Using an MO energy-level diagram, would you expect \(\mathrm{F}_{2}\) to have a lower or higher first ionization energy than atomic fluorine? Why?

As compared with \(\mathrm{CO}\) and \(\mathrm{O}_{2}, \mathrm{CS}\) and \(\mathrm{S}_{2}\) are very unstable molecules. Give an explanation based on the relative abilities of the sulfur and oxygen atoms to form \(\pi\) bonds.

The diatomic molecule OH exists in the gas phase. The bond length and bond energy have been measured to be \(97.06 \mathrm{pm}\) and \(424.7 \mathrm{~kJ} / \mathrm{mol}\), respectively. Assume that the OH molecule is analogous to the HF molecule discussed in the chapter and that molecular orbitals result from the overlap of a lower-energy \(p_{z}\) orbital from oxygen with the higher- energy \(1 s\) orbital of hydrogen (the \(\mathrm{O}-\mathrm{H}\) bond lies along the \(z\) -axis). a. Which of the two molecular orbitals will have the greater hydrogen \(1 s\) character? b. Can the \(2 p_{x}\) orbital of oxygen form molecular orbitals with the \(1 s\) orbital of hydrogen? Explain. c. Knowing that only the \(2 p\) orbitals of oxygen will interact significantly with the \(1 s\) orbital of hydrogen, complete the molecular orbital energy- level diagram for OH. Place the correct number of electrons in the energy levels. d. Estimate the bond order for OH. e. Predict whether the bond order of \(\mathrm{OH}^{+}\) will be greater than, less than, or the same as that of \(\mathrm{OH}\).
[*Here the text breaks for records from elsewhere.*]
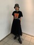 チュールのスカートを甘くなりすぎないように、ブラックのワントーンコーデに。 さらにバケットハット、Tシャツ、クリアベルトで合わせて、甘辛なミックスコーデに仕上げました!
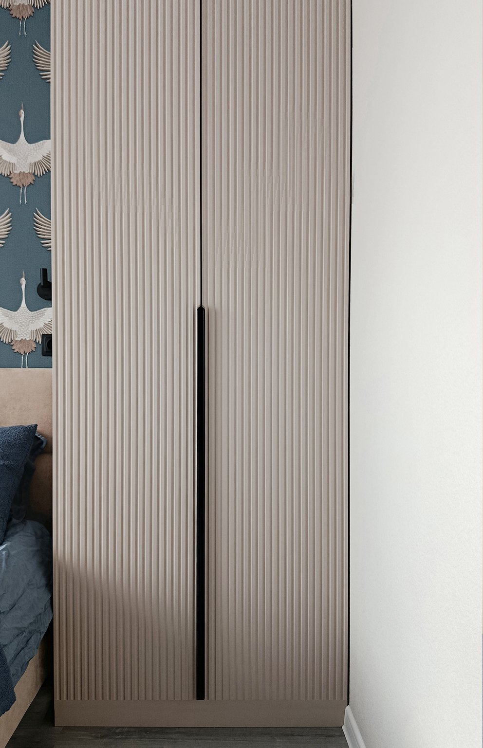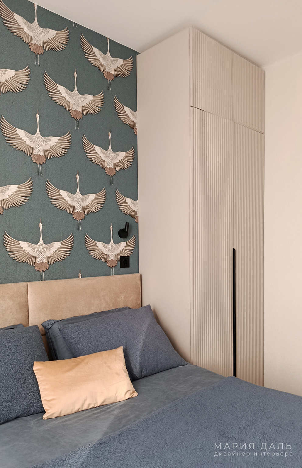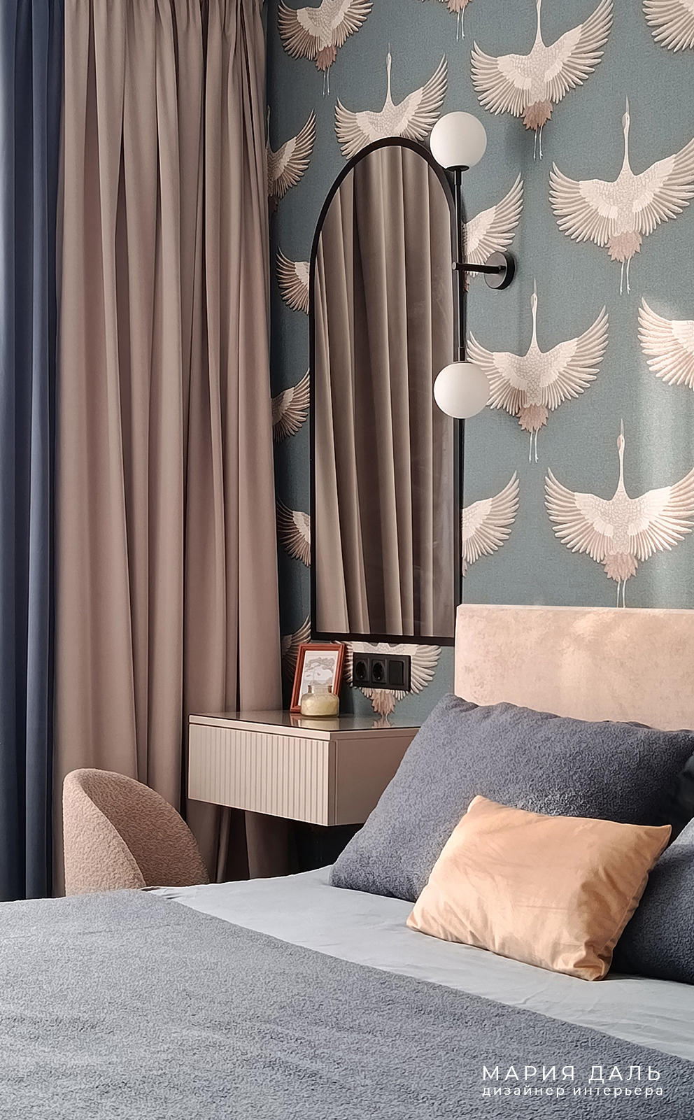 В спальне, за изголовьем кровати, обновлена стена с акцентными обоями. Обустроено место для макияжа и небольшого гардеробного шкафа.
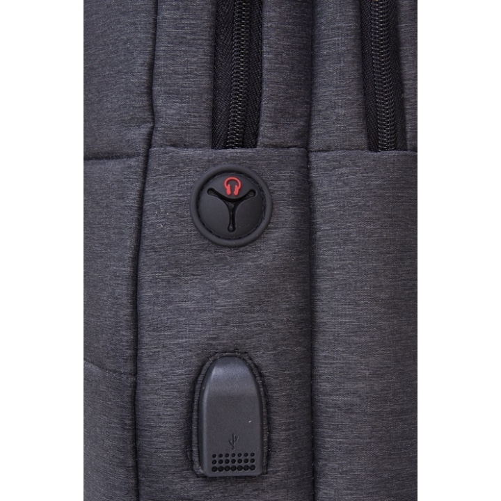 *שני תאים מרכזיים עם מקום יעודי ללפטופ ואייפד. תא רוכסן קדמי,שקע USB ויציאת AUX
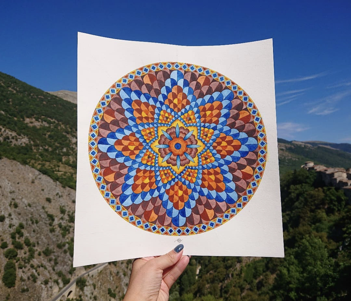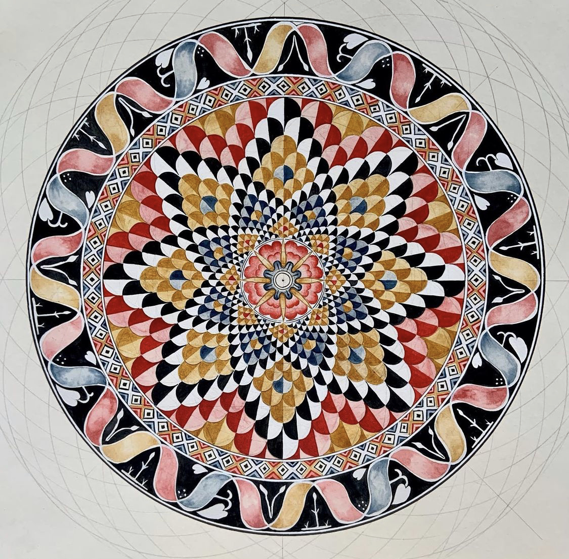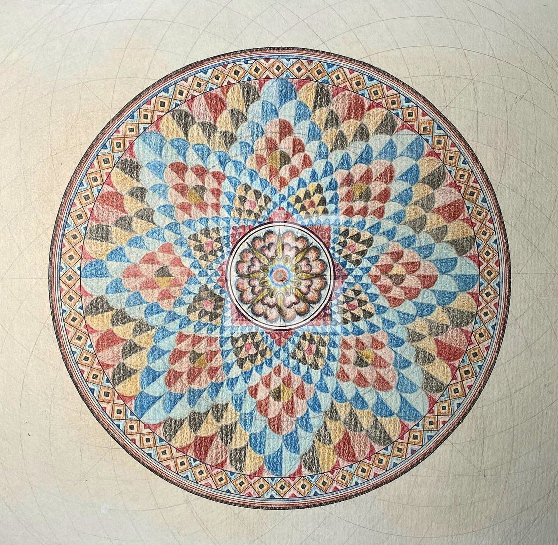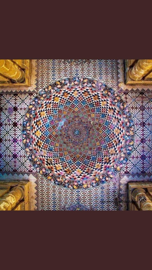 Draw the stunning Umayyad torus khirbat-mosaic patterns from Hisham’s palace in Jericho, Palestine. The mosaic floor in the Great Bath 825m², which is the largest in the Middle East.
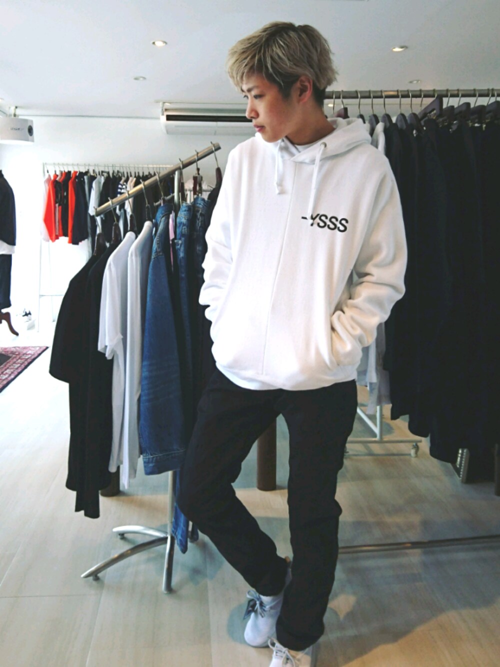 BLUEY コーディネート! ホワイトのパーカーは春夏に映えますね! 身頃ぼ中心に縫い目があるのが特徴です! ポケットは内側に入れ込んであるデザインになっています。 少しオーバーサイズに作られていて今のトレンドにも非常に合うデザインですね!
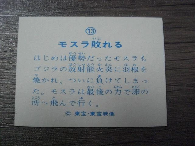 Item Title Yamakatsu Godzilla Vs. Mosura Card 26 Pieces Green Box Payment Supports managed payments Please pay within 5 days after auction is finished. About Us We are located in Japan. It's our pleasure to make you happy by proposing our recommend item. If you have any questions or request about items, please feel free to ask us. International Buyers - Please Note: -Import duties, taxes, and charges are not included in the item price or shipping charges. These charges are the buyer's responsibility. -Please check with your country's customs office to determine what these additional costs will be prior to bidding/buying. -These charges are normally collected by the delivering freight (shipping) company or when you pick the item up - do not confuse them for additional shipping charges. -We do not mark merchandise values below value or mark items as - gifts - The US and International government regulations prohibit such behavior. Thank you for your understanding.
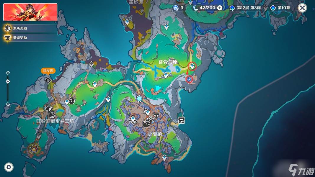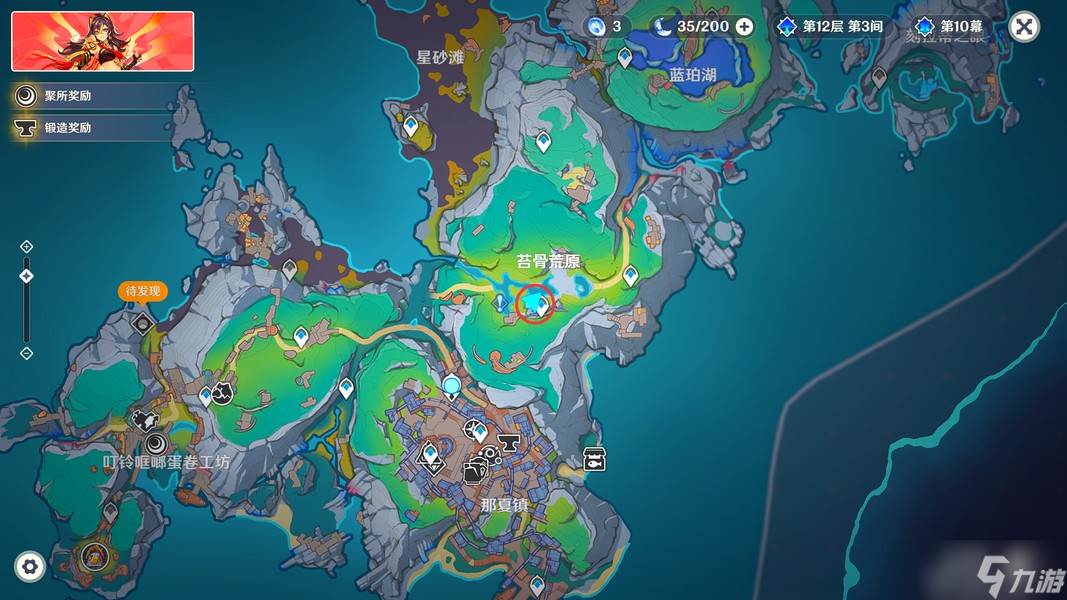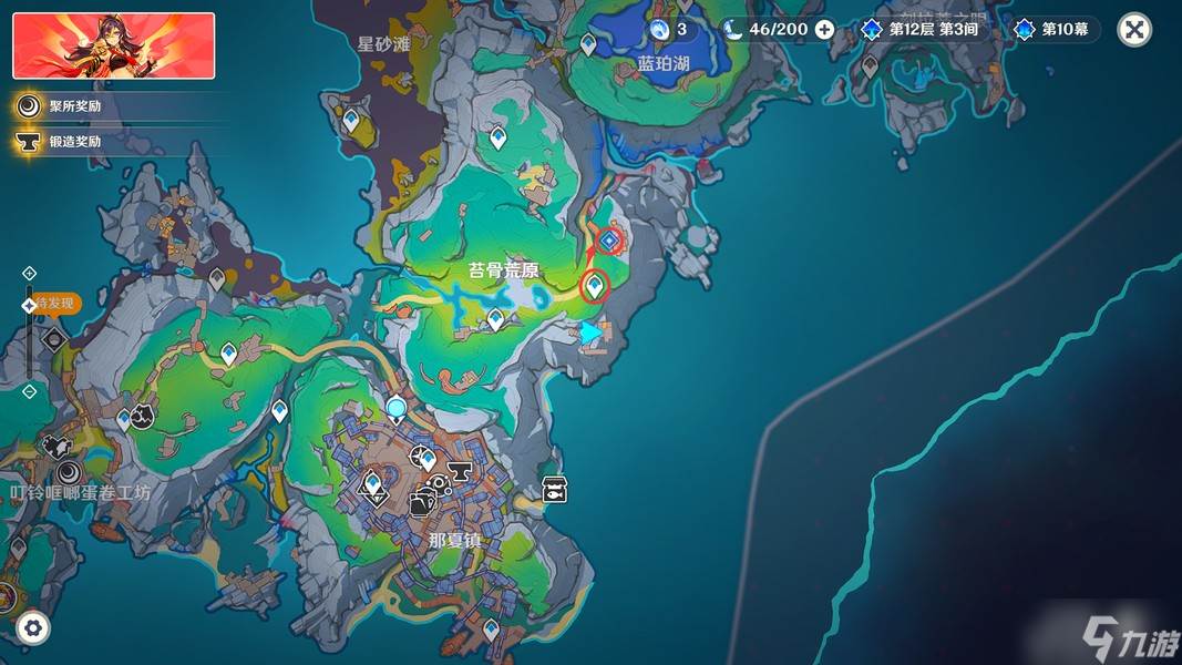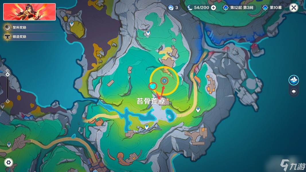 完成挑战后,我们传送到「苔骨荒原」正东方的锚点,来到下图位置
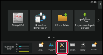 Le "Réglages" permet de gérer différentes fonctions afin de faciliter l'utilisation de la machine, par exemple l'enregistrement par défaut pour chaque fonction, le réglage de la connexion réseau et la vérification du journal de l'état de fonctionnement.

Explain.

Values of measured bond energies may vary greatly depending on the molecule studied. Consider the following reactions: $$ \begin{aligned} \mathrm{NCl}_{3}(g) & \longrightarrow \mathrm{NCl}_{2}(g)+\mathrm{Cl}(g) & \Delta H &=375 \mathrm{~kJ} / \mathrm{mol} \\ \mathrm{ONCl}(g) & \longrightarrow \mathrm{NO}(g)+\mathrm{Cl}(g) & \Delta H &=158 \mathrm{~kJ} / \mathrm{mol} \end{aligned} $$ Rationalize the difference in the values of \(\Delta H\) for these reactions, even though each reaction appears to involve only the breaking of one \(\mathrm{N}-\mathrm{Cl}\) bond. (Hint: Consider the bond order of the NO bond in ONCl and in NO.)

The atoms in a single bond can rotate about the internuclear axis without breaking the bond. The atoms in a double and triple bond cannot rotate about the internuclear axis unless the bond is broken. Why?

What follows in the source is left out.